▶ _What the task asks_:
Copy exactly the lines of the data below, beginning with the line with "提供的这款《Excel汇总助" and ending with the line with "Kézi mixer - elektromos, 500". Pictures are to be omitted.

*** Provided material ***

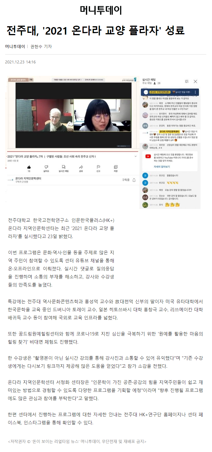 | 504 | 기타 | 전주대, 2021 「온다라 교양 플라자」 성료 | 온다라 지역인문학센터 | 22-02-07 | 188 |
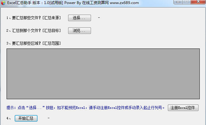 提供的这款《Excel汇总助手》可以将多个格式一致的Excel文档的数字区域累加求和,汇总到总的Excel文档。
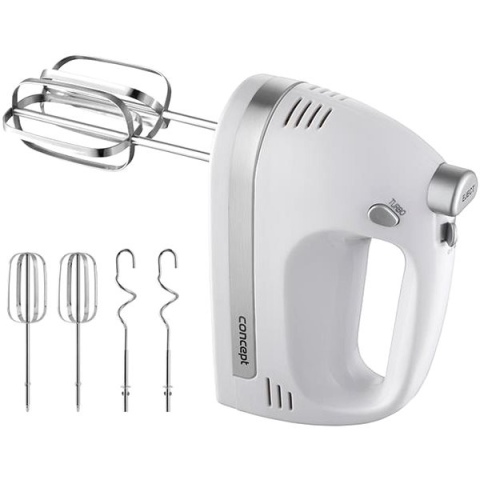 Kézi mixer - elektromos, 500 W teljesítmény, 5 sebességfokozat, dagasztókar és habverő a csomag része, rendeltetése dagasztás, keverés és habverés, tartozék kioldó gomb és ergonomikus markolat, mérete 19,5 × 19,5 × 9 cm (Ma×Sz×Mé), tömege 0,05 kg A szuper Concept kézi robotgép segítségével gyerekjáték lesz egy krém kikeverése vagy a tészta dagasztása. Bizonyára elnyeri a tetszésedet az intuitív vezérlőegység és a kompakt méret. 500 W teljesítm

***
*** Provided material ***

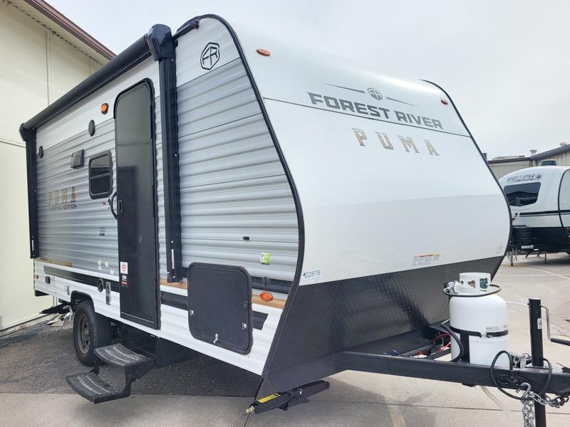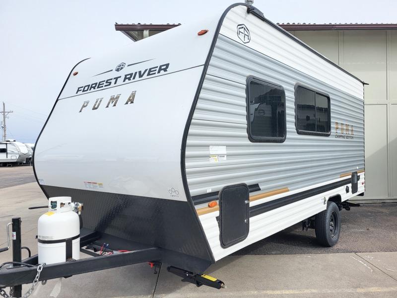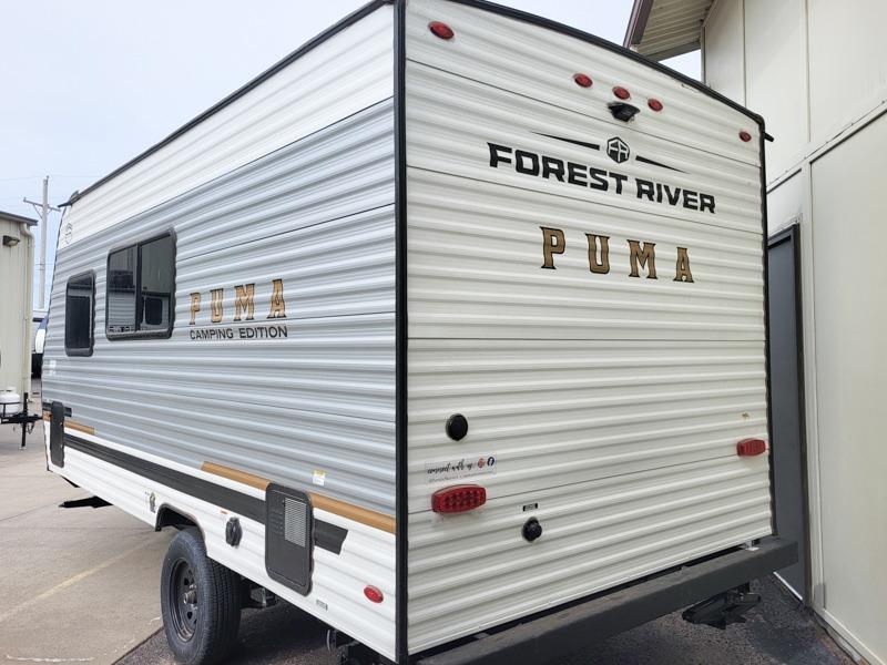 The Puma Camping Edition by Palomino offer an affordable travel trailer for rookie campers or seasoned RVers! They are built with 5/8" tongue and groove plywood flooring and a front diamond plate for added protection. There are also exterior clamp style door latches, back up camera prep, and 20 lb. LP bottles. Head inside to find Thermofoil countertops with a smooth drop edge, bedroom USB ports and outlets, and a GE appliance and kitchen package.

***

▶ _Response area_:
 提供的这款《Excel汇总助手》可以将多个格式一致的Excel文档的数字区域累加求和,汇总到总的Excel文档。
 Kézi mixer - elektromos, 500 W teljesítmény, 5 sebességfokozat, dagasztókar és habverő a csomag része, rendeltetése dagasztás, keverés és habverés, tartozék kioldó gomb és ergonomikus markolat, mérete 19,5 × 19,5 × 9 cm (Ma×Sz×Mé), tömege 0,05 kg A szuper Concept kézi robotgép segítségével gyerekjáték lesz egy krém kikeverése vagy a tészta dagasztása. Bizonyára elnyeri a tetszésedet az intuitív vezérlőegység és a kompakt méret. 500 W teljesítm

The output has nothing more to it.